DIRECTIONS:
In the entries that follow, the lines from the one with "5月2日,云南省墨江哈尼族自" through the one with "Diamond Necklace and" are the ones to write out, exactly and with both ends included. Nothing else should appear.

MATERIAL PROVIDED:
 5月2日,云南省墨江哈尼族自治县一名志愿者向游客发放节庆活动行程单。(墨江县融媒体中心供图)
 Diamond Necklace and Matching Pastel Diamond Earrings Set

--

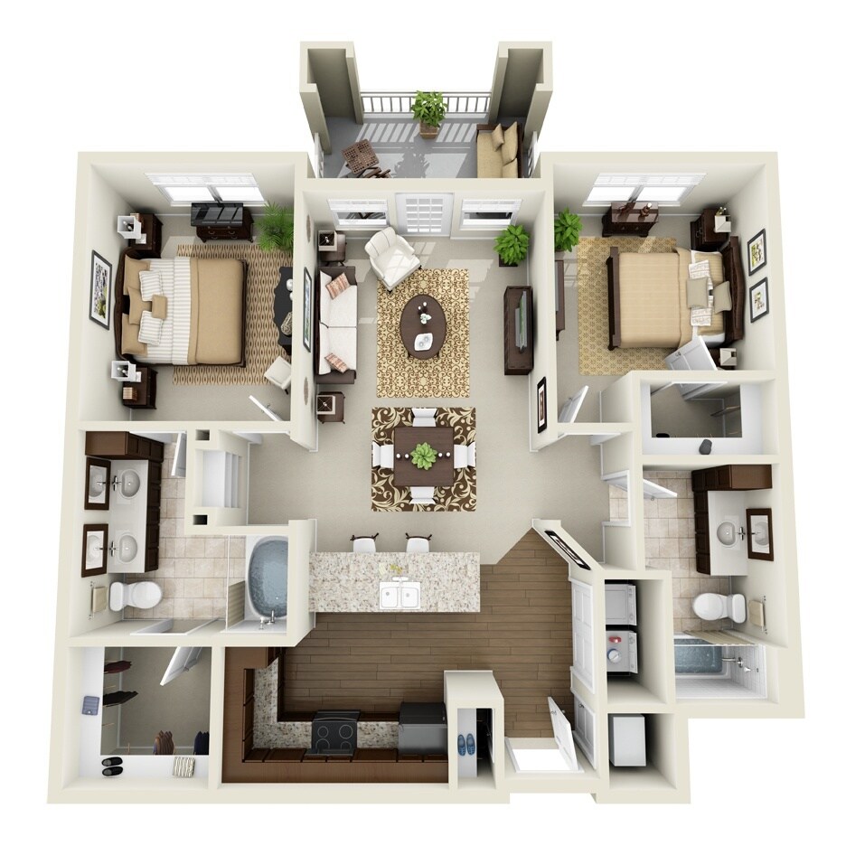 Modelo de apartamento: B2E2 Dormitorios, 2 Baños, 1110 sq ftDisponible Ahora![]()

EXPECTED ANSWER:
 5月2日,云南省墨江哈尼族自治县一名志愿者向游客发放节庆活动行程单。(墨江县融媒体中心供图)
 Diamond Necklace and Matching Pastel Diamond Earrings Set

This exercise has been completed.